As soon as it hits this if condition it throws the error of undefined for _DateFormatTimeZone and the control does not go into i18nLoader.js file where the initialization for global.Intl is done.

In IE11 we can see it goes to LayoutHeader.tsx and global.Intl is already there as it already has intl polyfill support unlike IE10 and then it goes to i18nLoader.js file.

@mananarora

This looks like an implementation detail to me.

Why is global.Intl "undefined" in your code when Intl _could probably be_ defined by terra-i18n globally (see snippet below)? Do you see that the logic in IntlLoaders.js is executed after executing your logic to add polyfill in your component?

Have you investigated into whether or not it is the right place for you to execute that logic to add the polyfill — may be you are trying to see if it is defined before terra-i18n updates the global namespace for you (which I think is unlikely but could very well be the case) — maybe you will need to add the polyfill once the component mounts?

As @benbcai and I pointed out earlier, if an application needs a specific polyfill, it should be added by the application. In that regard, what other alternatives have you tried so far?

if (!global.Intl) {
    global.Intl = require('intl')
    loadIntl(locale);
} 

Edit:

I investigated further to see the behaviour on one of our Terra components. Here are the findings -

  • The current logic in terra-i18n makes Intl available in global namespace automatically and I tested it out on IE 10.

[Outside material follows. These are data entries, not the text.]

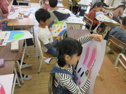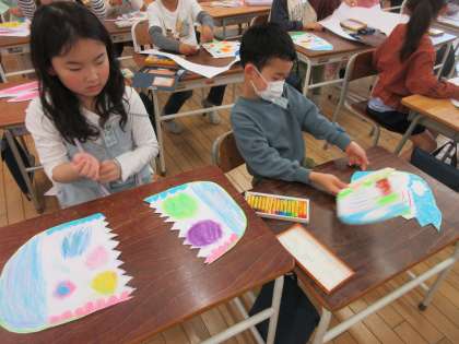 図工の学習で、「ふしぎなたまご」を描いています。たまごが割れると、何が出てくるかな...、わくわくしながら、たまごの模様を描いたり、はさみでたまごを切ったりしました。いろいろな生き物や、好きな食べ物、きょうりゅう等、楽しそうな世界になりそうです。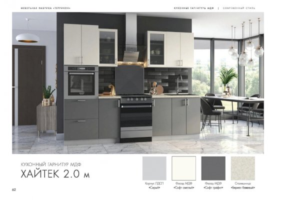Кухня Хайтек изговаливается также в цветах серый/лайм глянец; серый/крем брюле глянец; серый/мокко глянец; серый/софт графит; серый/лайм глянец. Модули в этих цветовых решениях вы сможете найти в нашем интернет-магазине.
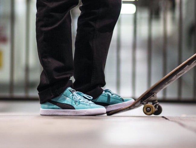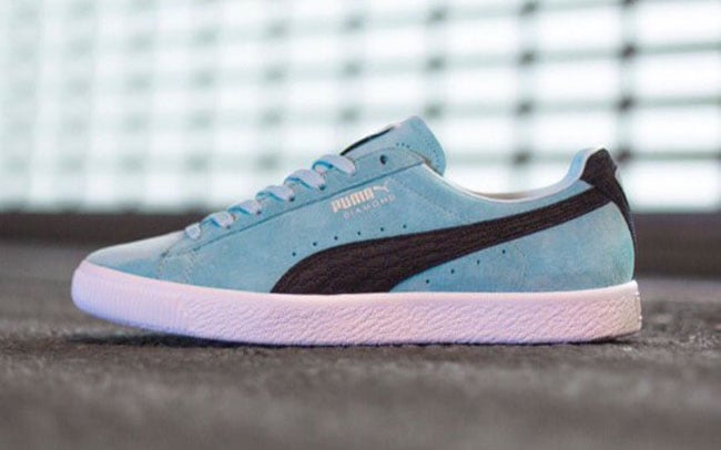 Earlier, Nicky Diamonds took to Twitter to share a teaser photo of the upcoming collaboration with Puma. Shown was two popular models, the Puma Suede and Puma Clyde. There will be three different main colors used, one being the popular Tiffany hue, while another is dressed in Black and the third will have a Cream shade. Each will also have the Diamond Supply branding on the tongue.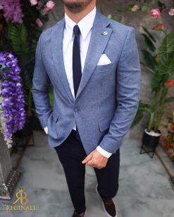 Set Cravata si batista, Turcoaz cu model - CV1074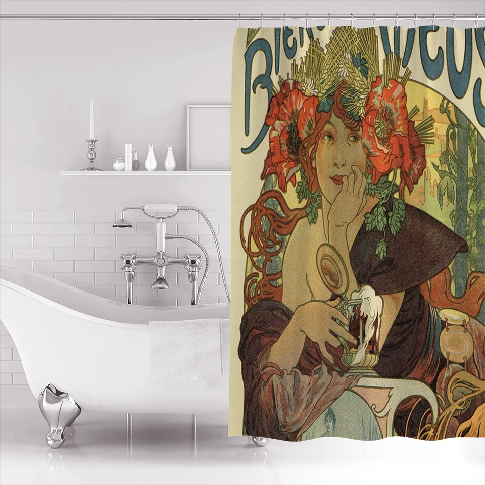 Alfons Mucha Art Nouveau Beer Ad Extra Long Fabric Bath Shower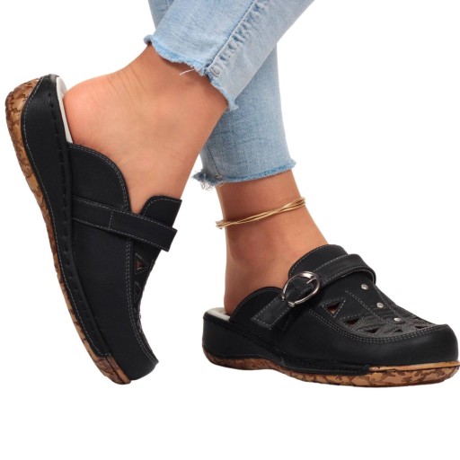 Damskie klapki w kolorze czarnym na niskiej koturnie z ozdobną klamerką. ❤ Wykonane z dobrych jakościowo materiałów. Idealnie sprawdzą się jako obuwie codzienne. Klapki są lekkie i zapewniają wygodę oraz komfort użytkowania. Profilowana, skórzana wkładka z poduszką amortyzującą na pięcie. Podeszwa stabilna, dobrze amortyzuje stopę. Modny, klasyczny fason idealnie dopasuje się do wielu stylizacji! Dobrze prezentuje się na nodze.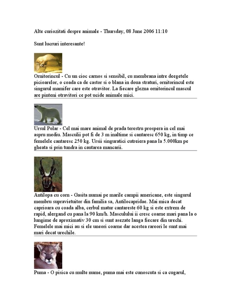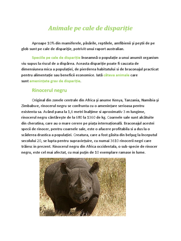 Iti recomandam sa te uiti bine pe extras si pe imaginile oferite iar daca este ceea ce ti trebuie pentru documentarea ta il poti descarca. Ai nevoie de doar 3 puncte. Odată ce ne am luat rămas bun de la lonesome george ultimul reprezentant al unei subspecii a ţestoasei de galapagos în 2012 face să ne amintim de alte specii din ultimele decenii declarate animale dispărute. Acest referat descrie animale pe cale de disparitie.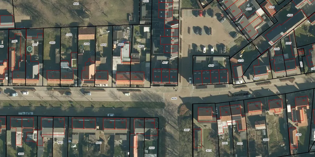 Het perceel waarop Nieuwstraat 21-a staat heeft een oppervlakte van 1305 m². Dit is een zeer groot perceel. De perceeloppervlakte wordt geregistreerd door het Kadaster. Gedetailleerde informatie over de maten van dit perceel kunt u vinden in het rapport Kadastrale kaart met maatvoering van Nieuwstraat 21-a.

https://github.com/cerner/terra-core/blob/20ca65bedab2c3d1325a73026f430d6765592a6e/packages/terra-i18n/src/i18nLoader.js#L14-L16

  • I added a piece of logic in one of our components to see if a console log is printed when global.Intl._DateTimeFormatTimeZone evaluates to falsy and it does print it out on IE 10.

  • Logic to add Intl polyfill in terra-i18n is executed before the control hits the logic that adds the TZ polyfill in the component.

I'd think that you'd need to investigate as to why it is blowing up in your application further.